Do you guys use any tools/process to your AI prompts? Or still prefer to keep it adhoc?

  • by runjake on 12/6/24, 10:24 PM

    Depending on the use case and frequency, I either:

    - Save them as a ChatGPT custom GPT or a Claude Project.

    - Create a RayCast AI Command. https://manual.raycast.com/ai

    - Save them as a text snippet in Obsidian notes. https://obsidian.md

  • by tobiasnvdw on 12/7/24, 3:27 PM

    Mostly plain text files saved locally for easy copy-pasting.

    I'll occassionally use prompts from the Anthropic library (https://docs.anthropic.com/en/prompt-library/library) and make some minor modifications to them. E.g. I'll modify the "prose polisher" prompt from the prompt library for refining written text in specific ways.

  • by cloudking on 12/6/24, 9:30 PM

    For ChatGPT I've found this search extension useful to find previously used prompts: https://chromewebstore.google.com/detail/gpt-search-chat-his...

    Source code: https://github.com/polywock/gpt-search

  • by muzani on 12/8/24, 4:34 AM

    I keep it adhoc - models change so frequently that prompts are always broken all the time. Most of the ones I've used last year are no longer relevant.

    "Prompt engineering" may be a thing of the past. These days, you can sketch a vague table on a piece of paper and take a photo of it with a phone, and AI will figure out exactly what you're trying to do.

  • by 97-109-107 on 12/6/24, 12:26 PM

    Maybe I'm hijacking, but I see a generalized problem - how do you keep snippets of text that you use in your browser?

    My current kludge is to edit long fields of text in an external editor via a browser addon, and have the editor save all such edits locally.

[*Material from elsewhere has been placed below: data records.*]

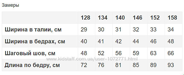| Рост | 128 см, 134 см, 152 см, 158 см |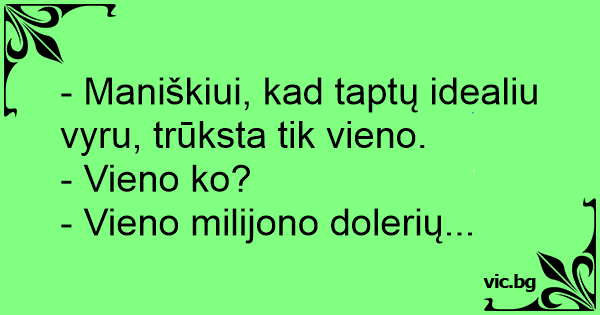 - Maniškiui, kad taptų idealiu vyru, trūksta tik vieno.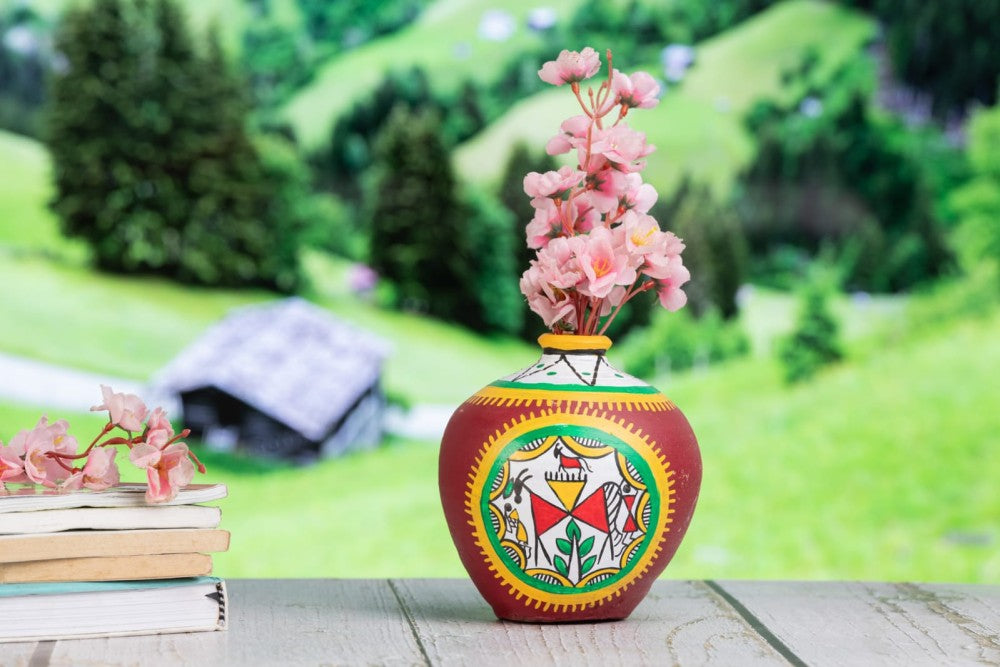 justifyHandmade Terracota Earthen Innovation Clay Warli printed Tribal designs Brown Flower Vase for Indoor Home Decoration, Resort Decoration, Pen Pot and Ideal for Gifting .

  • by wruza on 12/5/24, 4:30 PM

    I’m thinking of making a simple wrapper around APIs, because web-based AIs tend to dump literal tons of text due to monetary incentives. For now I prepend a standard pseudo-system stub to all my chats, works fine in my case.
  • by cyberhunter on 12/5/24, 6:06 PM

    Tired of OpenAI account deletions and Gemini template hiccups? Frustrated with manually typing or copy-pasting prompts every time you switch between LLM clients? If you're like me and want a smoother way to manage your prompts, I built a tool that might be just what you need.

    *The Problem:*

    * OpenAI accounts can be deleted unexpectedly.

    * Gemini templates sometimes fail to work.

    * Re-typing or copy-pasting prompts across multiple clients is tedious.

    *The Solution: DryPrompt*

    DryPrompt lets you create reusable prompt templates with variable fields. You set up the framework once, and then simply fill in the variables to generate the full prompt.

    *How It Works:*

    1. *Go to:* dryprompt.go123.live

    2. *Sign up:* It's free and allows you to sync your prompts across devices.

    3. *Create a template:* Define your prompt structure and mark the parts you want to change with variables.

    4. *Use it:* Copy the template, replace the variables with your specific content, and you've got your ready-to-use prompt!

    *Example:*

    Let's say you need to internationalize multiple code files. With DryPrompt, you can create a template that includes the file code as a variable. Each time, just copy the template, paste in the new file's code, and you'll instantly get the internationalization prompt. No more tedious copying and manual concatenation!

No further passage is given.